How Google (probably) Leverage Old TPUs for cheap LLM Inference

How Google (probably) Leverage Old TPUs for cheap LLM Inference

I was listening to the most recent Latent Space podcast with Marc Andreessen, the conversation riffs across the agentic software revolution, open source, why this is different to the dotcom bubble... however one line piqued my interest. In a discussion about inference economics and forward projections on cost, he says something like "my understanding is Google are running inference on very old TPUs, very profitably". To which the hosts agreed, though it was half caveated, without too much underlying evidence, but I went on to think about all the reasons that it's very likely true, and voila, a blog post is born.

What TPUs are and why they exist

Around 2013, Google's leadership and the Google Brain team ran a back-of-the-envelope calculation which went something like: "if every Android user uses our new voice search feature for just 3 minutes per day, we'd need to double our entire global data centre capacity to handle the load". CPUs / GPUs were the hardware of the time, and the maths didn't quite work to scale this out.
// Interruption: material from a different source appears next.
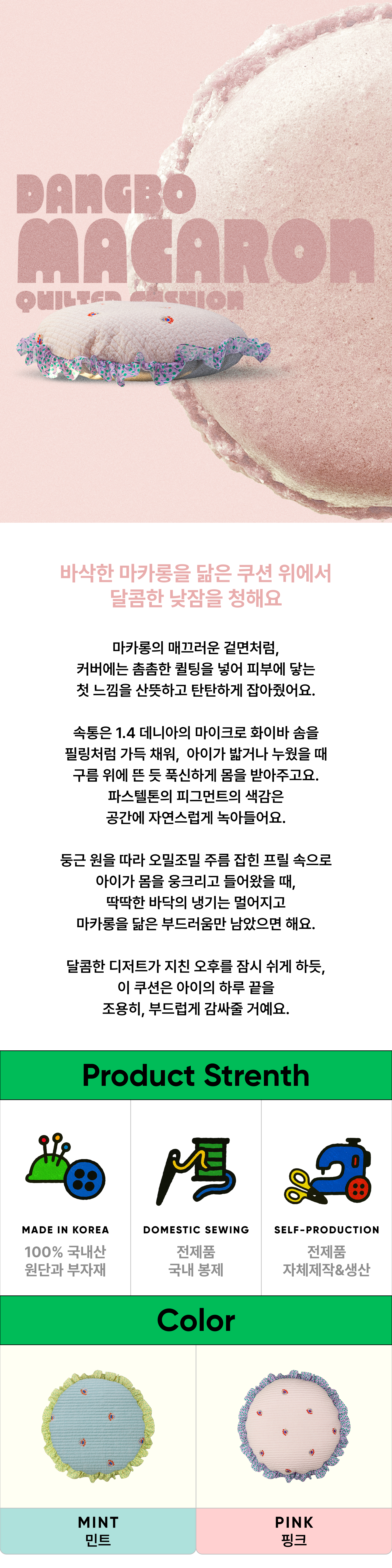 아이들의 휴식 공간을 더욱 포근하게 만들어 줄 댕보 마카롱 퀼팅 쿠션 민트

The response was to design a new type of chip from scratch, an application-specific integrated circuit (ASIC) tuned for the mat mul operations that sit at the heart of every neural network. This idea became the "Tensor Processing Unit" (TPU), which was first deployed internally at Google in 2015, announced in 2016, and documented in the 2017 ISCA paper that demonstrated 15-30x increased perf and 30-80x perf per watt compared to the CPUs and GPUs of the day (you can read the paper for more detail here). These TPUs now power search, youtube, maps, gmail etc., as well as Gemini, serving huge numbers of users all over the world.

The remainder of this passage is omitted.